Pendapatan ini termasuk diluar pendapatan dari hasil menangkap ikan. Belum ada
program dan anggaran yang spesifik berkaitan dengan fasilitasi akses permodalan
nelayan kecil/ tradisional. Jikapun ada hanya dalam bentuk fasilitasi pengurusan
kartu KUSUKA yang alokasi anggarannya sangat terbatas.

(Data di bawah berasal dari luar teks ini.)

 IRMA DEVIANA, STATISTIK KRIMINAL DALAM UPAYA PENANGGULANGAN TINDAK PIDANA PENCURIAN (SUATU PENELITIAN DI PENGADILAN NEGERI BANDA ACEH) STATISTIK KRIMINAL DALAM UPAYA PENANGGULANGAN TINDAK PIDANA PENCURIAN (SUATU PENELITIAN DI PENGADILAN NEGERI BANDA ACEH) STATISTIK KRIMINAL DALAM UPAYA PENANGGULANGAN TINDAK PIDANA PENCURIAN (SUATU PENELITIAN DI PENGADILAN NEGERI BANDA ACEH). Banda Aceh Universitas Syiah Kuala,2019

i. Jumlah nelayan di Kabupaten Lombok Utara pada 2020 melonjak 35 persen pada
tahun 2020 jika dibandingkan dengan tahun 2019 yang nelayannya berjumlah
3.078 orang. Karena lonjakan jumlah nelayan sebanyak 35 persen tersebut jumlah
nelayan pada tahun 2020 berjumlah 4.738 orang atau bertambah sebanyak 1.660
orang dari tahun sebelumnya. Dari hasil wawancara dengan sejumlah nelayan di
Malaka, lonjakan ini terjadi karena sejak pandemi Covid-19 melanda, Lombok Utara
dan membuat sektor pariwisata terpuruk. Sehingga pekerja sektor pariwisata
banyak yang di rumahkan dan sebagian lagi alih profesi sebagai nelayan
j. Kebutuhan BBM sangat tinggi namun sebagian besar tidak bersubsidi. Nelayan
terpaksa membeli BBM di SPBU. Dengan memperhitungkan jumlah nelayan di
Kabupaten Lombok Utara berdasarkan data Kementrian Kelautan dan Perikanan
tahun 2020 yang mencapai 4.738 orang maka diproyeksikan kebutuhan BBM
seluruh nelayan di Lombok Utara setiap tahunnya tidak kurang dari 2.046.816 liter.

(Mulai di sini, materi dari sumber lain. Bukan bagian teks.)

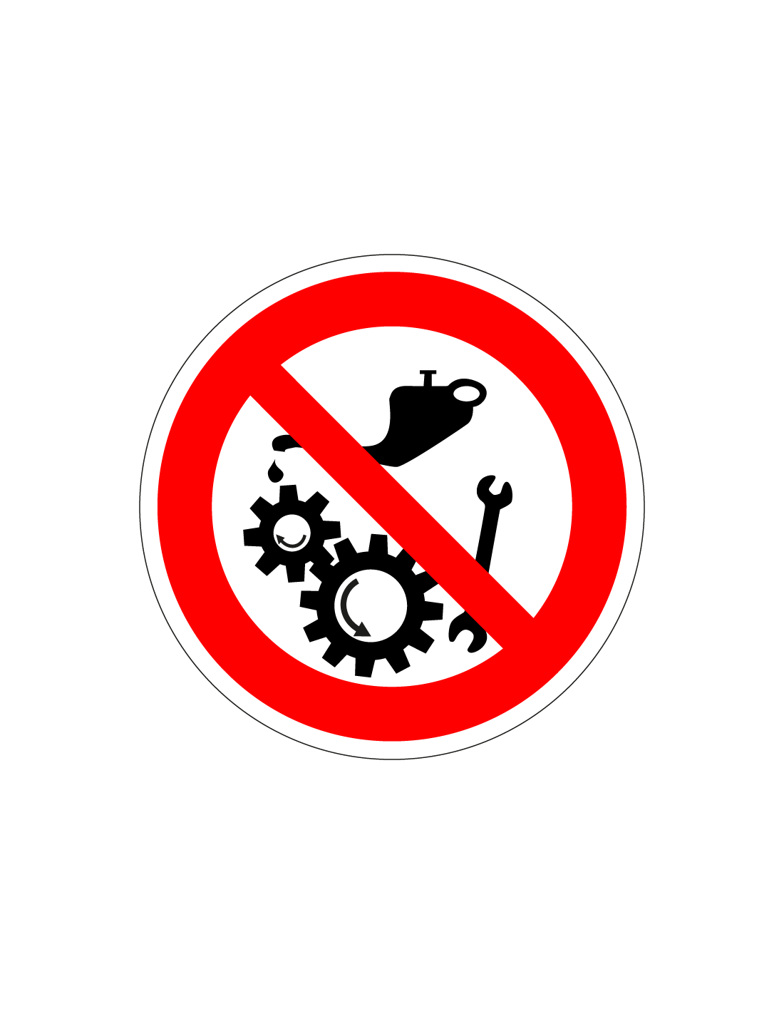 Dit bord laat door middel van diverse pictogrammen zijn dat smeren of reinigen terwijl de machine aanstaat verboden is. Deze verbodsbord zorgt ervoor dat mensen erop worden geattendeerd om niet te smeren terwijl de machine aanstaat waardoor mogelijke schade aan de machine voorkomen wordt.

k. Masalah utama yang dihadapi nelayan saat terkait akses BBM Bersubsidi adalah
terletak pada pelayanan administasi, keterbatasan kuota BBM Bersubsidi dan jarak
serta ketiadaan stasiun pengisian bahan bakar subsidi yang dekat dengan nelayan.

6.2. Rekomendasi

1
1. Perlunya peningkatan alokasi anggaran untuk sektor kelautan dan perikanan
khususnya untuk memenuhi kebutuhan dan pelayanan bagi nelayan kecil
2. Perlunya peningkatan pelayanan bagi nelayan kecil untuk akses BBM bersubsidi
dan penambahan kuota yang dapat meminimalisir beban biaya operasional nelayan
dalam rangka meningkatkan kesejahteraannya
3. Peningkatan pemberdayaan untuk perempuan pesisir dalam hal pengolahan dan
pemasaran hasil tangkapan/perikanan yuang lebih inovatif dan member nilai
tambah bagi produk perikanan khususnya perikanan tangkap
4. Perlu adanya pembangunan stasiun pengisian bahan bakar minyak bersubsidi di
lokasi yang dekat dengan pemukiman nelayan
5. Perlu adanya tempat pemasaran hasil tangkapan (TPI) agar mempermudah
pemasaran hasil tangkapan/perikanan
6. Perlu adanya kebijakan yang menjamin akses, perlindungan dan pemberdayaan
bagi nelayan kecil agar terpenuhi hak-hak dasarnya dan kesejahteraannya.